Provided entries —

((

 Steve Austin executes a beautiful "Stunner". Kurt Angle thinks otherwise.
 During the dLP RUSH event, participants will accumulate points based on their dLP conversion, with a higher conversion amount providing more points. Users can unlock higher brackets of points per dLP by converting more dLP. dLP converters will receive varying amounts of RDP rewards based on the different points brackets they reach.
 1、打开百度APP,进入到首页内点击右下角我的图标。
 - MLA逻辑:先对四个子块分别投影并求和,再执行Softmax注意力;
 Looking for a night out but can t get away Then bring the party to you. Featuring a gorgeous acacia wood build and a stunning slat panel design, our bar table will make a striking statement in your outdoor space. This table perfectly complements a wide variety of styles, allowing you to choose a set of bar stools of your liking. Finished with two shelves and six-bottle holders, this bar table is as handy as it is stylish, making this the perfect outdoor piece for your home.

))
((

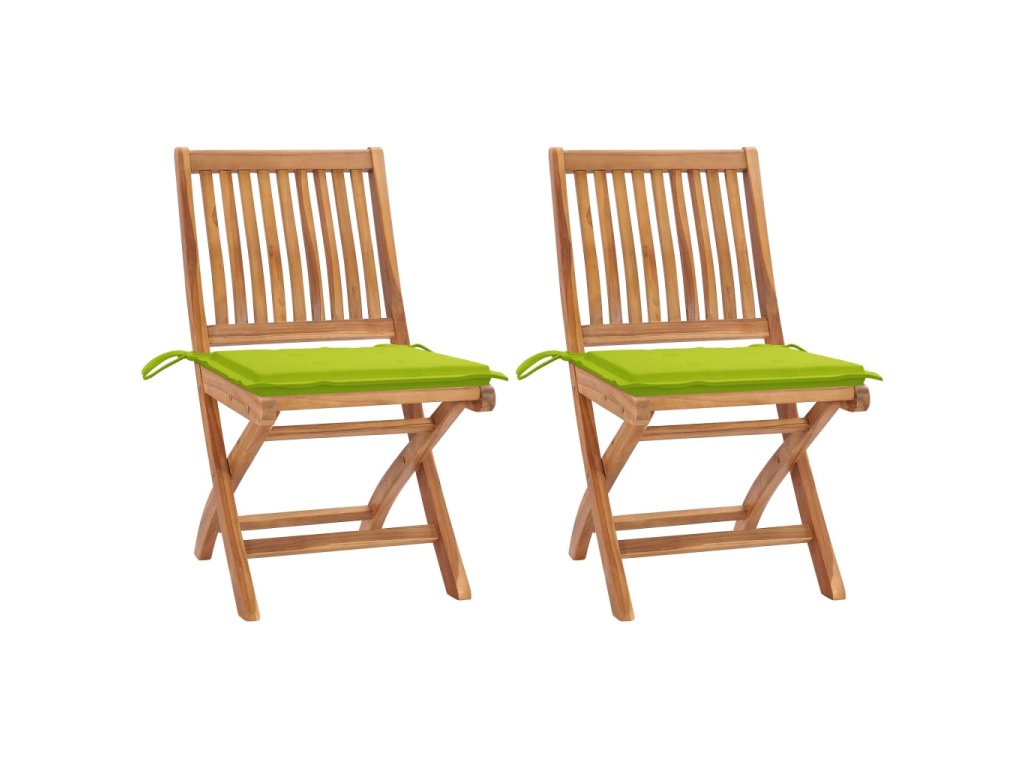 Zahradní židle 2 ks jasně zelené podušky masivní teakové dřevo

))

From the listing above, collect each line in which the string "will" appears.

 During the dLP RUSH event, participants will accumulate points based on their dLP conversion, with a higher conversion amount providing more points. Users can unlock higher brackets of points per dLP by converting more dLP. dLP converters will receive varying amounts of RDP rewards based on the different points brackets they reach.
 Looking for a night out but can t get away Then bring the party to you. Featuring a gorgeous acacia wood build and a stunning slat panel design, our bar table will make a striking statement in your outdoor space. This table perfectly complements a wide variety of styles, allowing you to choose a set of bar stools of your liking. Finished with two shelves and six-bottle holders, this bar table is as handy as it is stylish, making this the perfect outdoor piece for your home.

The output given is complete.